Task details:
Could you retype exactly the line containing "webdav(可输入 ? 查看编号,通常为 52 或类似)。" and every line after it in the data below, leaving out the pictures?

Records to process:
-=-=-=-=-

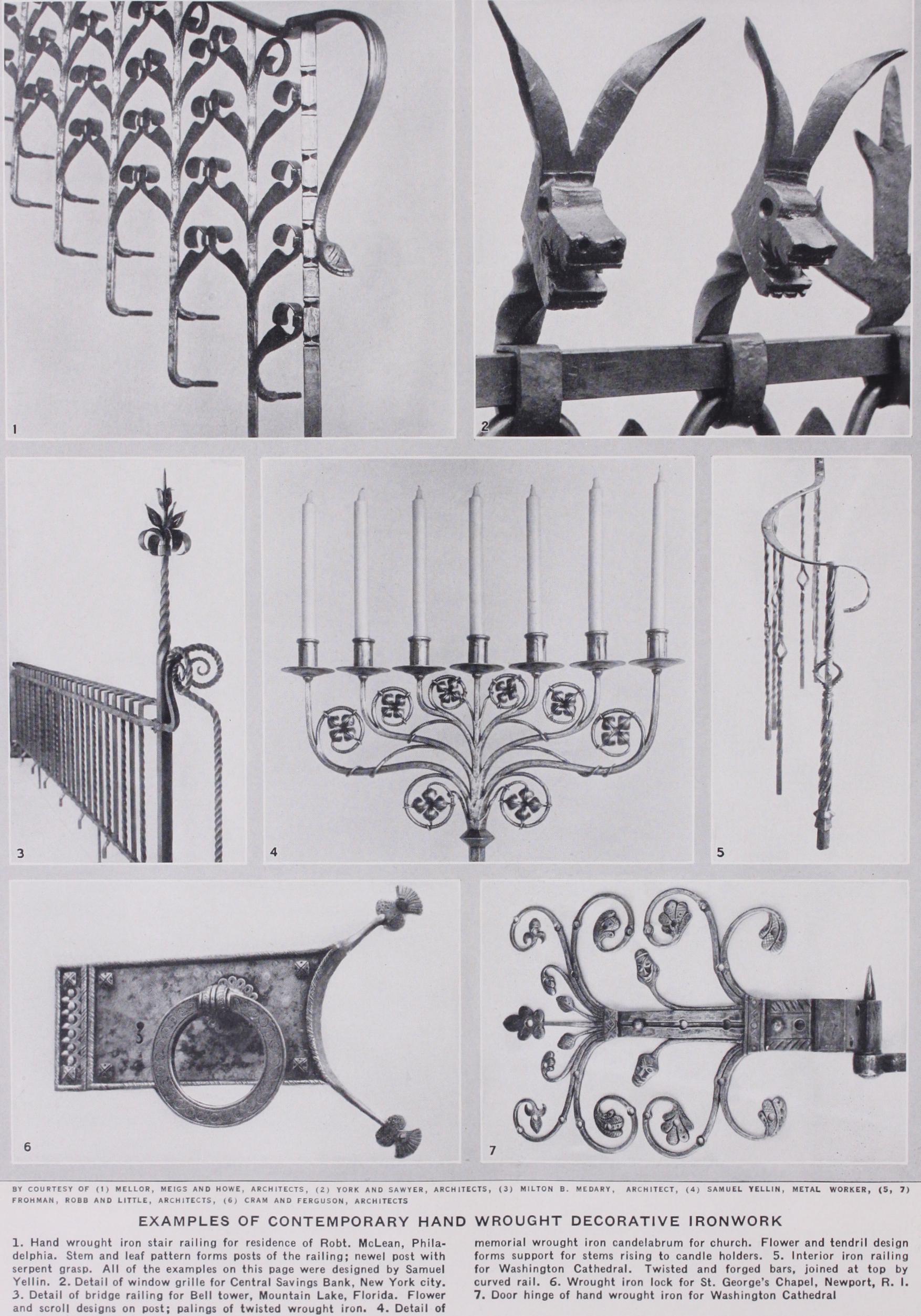 Although a metal worker is able to furnish drawings suggestive of the style, scale, proportion and general lay-out of the design, his real study of details can only be accomplished on the anvil. It is this actual study in the metal which gives the work its un expectedness and charm, and this can only come from a deep knowledge and love of the material. The making of beautiful ironwork cannot be fully described and illustrated on paper; it is often necessary for the craftsman to make sketches in iron, that is, make pieces in the actual material, before he illustrates on paper.
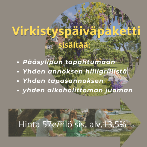 Voit ostaa verkkokaupasta halutessasi lisäksi juomalipukkeita ( a´6e) tai vaikka Piknikin Omenapuun alla (a´30e/hlö) . Lisätietoa piknikistä löydät vierittämällä sivua alaspäin. Huomioi kun olet valinnut Virkistyspaketit ostoskoriin ja painanut jatka , kauppa ehdottaa sinulle juomalippuja ja piknikkoreja lisäostoiksi, joten saat kaikki kerralla samaan pakettiin eikä sinun tarvitse ostaa niitä tältä sivulta erikseen. Voit myös ostaa paketteja laskutuksella. Ota yhteyttä info@tammiston.com. Vastaamme myös mielellämme kysymyksiin puhelimitse 044-5104293
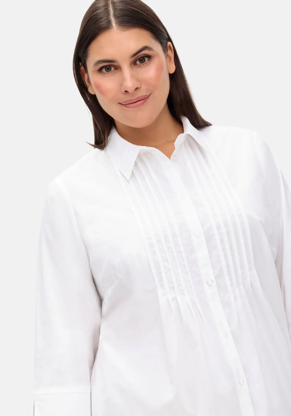 Hemdbluse mit 3/4-Ärmeln. Dekorative Biesen entlang der Knopfleiste verleihen der Bluse eine verspielte Optik und strecken gleichzeitig geschickt die Silhouette. Die Ärmel sind mit geschlitzten Manschetten gearbeitet, ein klassischer Blusenkragen ergänzt den feminin-gepflegten Look.
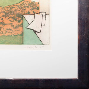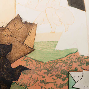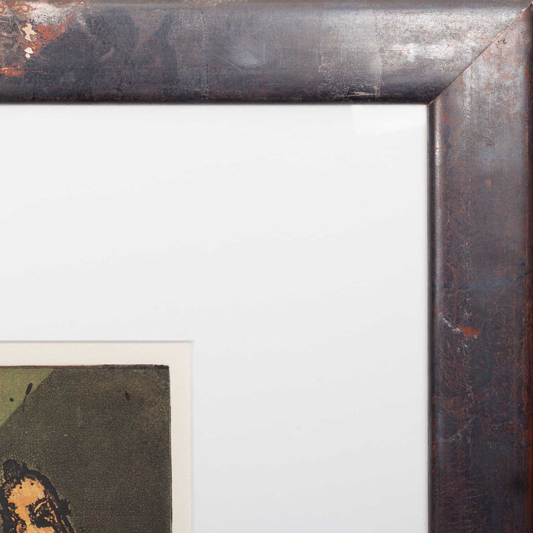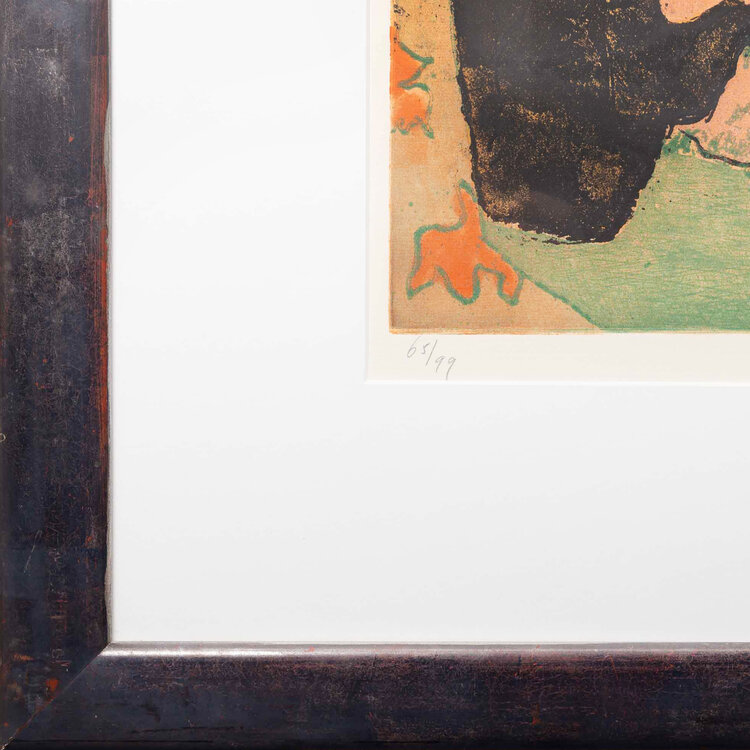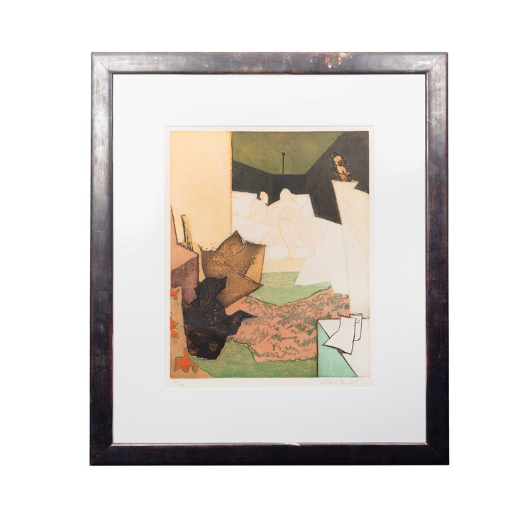 Constant Nieuwenhuijs, 'Plaisir et tristesse d'amour', 1979. Aquatint in donkergrijze/bruine lijst, oplage 65/99. Drie naakte mensen in een kamer, linksonder een zwarte hond. Signatuur rechtsonder. Afkomstig uit het album 'Plaisir et Tristesse de l'Amour' die bestaat uit vijf etsen gemaakt aan de hand van vijf schilderijen met hetzelfde thema. Conditie: werk is wat verkleurd, lijst heeft wat beschadigingen en rechts een vlek op het glas. Afmetingen lijst: 78,5 x 67 cm, beeldvlak: 46 x 36,5 cm.
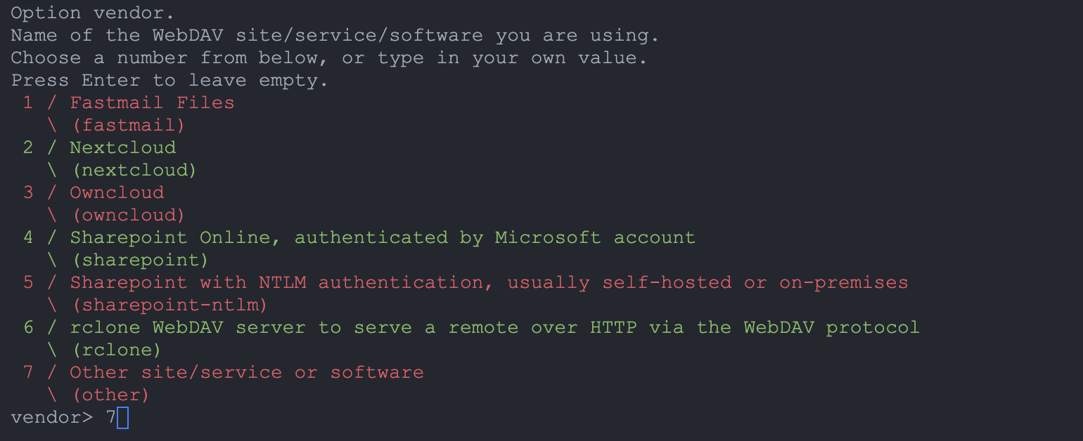 webdav(可输入 ? 查看编号,通常为 52 或类似)。
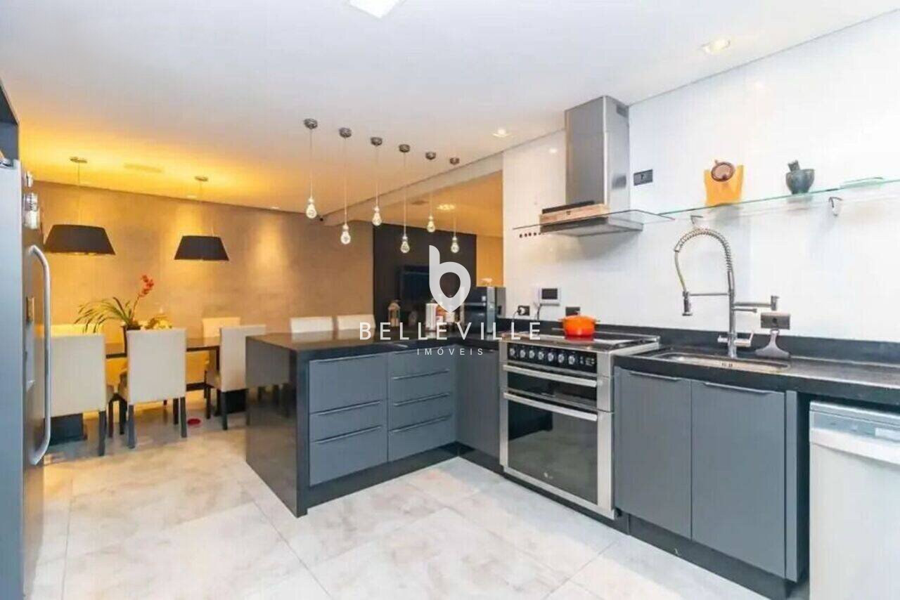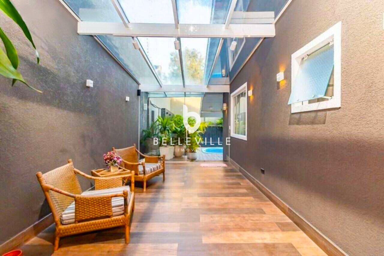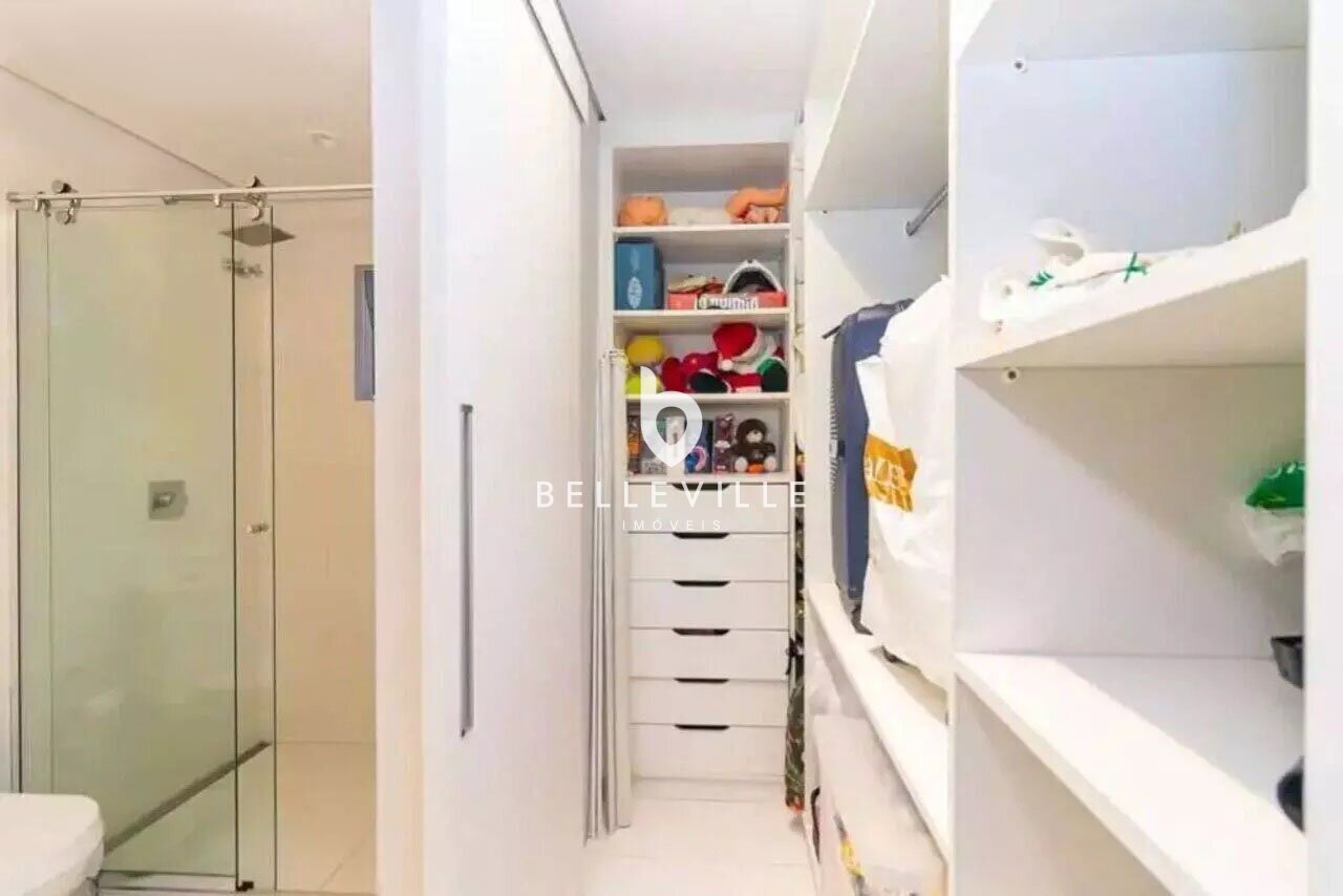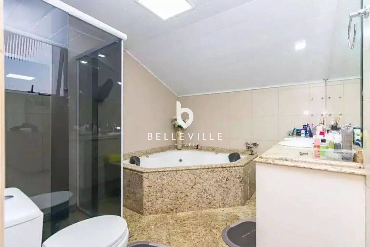 São cinco quartos, incluindo uma suíte master e outra suíte com closet, além de escritório e banheiro social — tudo com excelentes móveis planejados e acabamentos de alto padrão.

-=-=-=-=-

Exercise solution:
 webdav(可输入 ? 查看编号,通常为 52 或类似)。
 São cinco quartos, incluindo uma suíte master e outra suíte com closet, além de escritório e banheiro social — tudo com excelentes móveis planejados e acabamentos de alto padrão.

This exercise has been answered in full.